Frédérique Puissat, sénatrice LR de l’Isère, a tenu à exprimer ses inquiétudes concernant ces lieux, et notamment sur les risques qu’elles pourraient avoir sur la tranquillité des quartiers où elles sont implantées. « Concernant les salles de consommation, nous avons des témoignages qui font froid dans le dos. On a l’impression que l’on a sacrifié la sécurité d’une partie de la population ».
Pour Julien Morel d’Arleux, « les expérimentations en cours montrent qu’un des objectifs principaux, celui de réduire les risques pour les usagers, fonctionne.

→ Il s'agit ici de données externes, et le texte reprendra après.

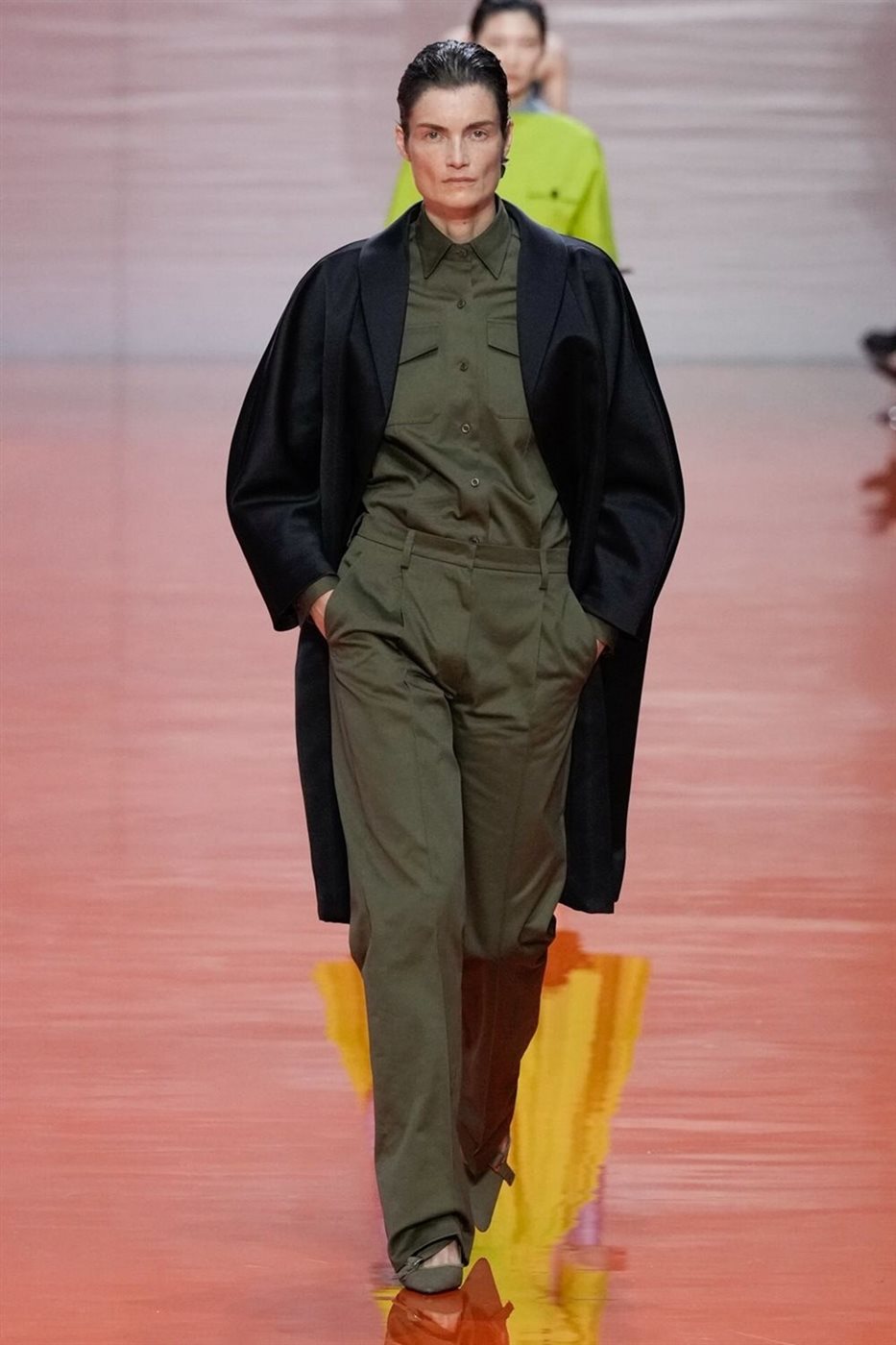 وجاءت مُزينة بأشرطة أنيقة. بينما صُممت الفساتين ذات الياقات المرصعة بالجواهر بسهولة خالفت طابعها الرسمي الأصيل، فيما خَففت من حدته الملابس الخارجية، وأوحى هذا المزيج برفض التسلسلات الهرمية الثابتة لصالح الانسيابية والتجريب.

Il y a moins d’expositions, moins d’infections au VIH… » juge-t-elle. « On a des résultats qui sont encourageants en la matière, même si le volet de l’acceptabilité sociale reste un sujet de tensions. Mais la majorité des Français y est favorable ».
Un premier bilan positif donc, partagé par Jean-Michel Delile, « ça confirme les bénéfices en termes de santé par rapport à une réduction du nombre d’overdoses, de problèmes infectieux ». Le psychiatre appelle au développement de ces salles de consommation « de manière beaucoup plus intégrée par rapport au dispositif général de soins dans le domaine des addictions, […] ce qui nous permettrait de réduire les difficultés liées à la tranquillité et au voisinage ».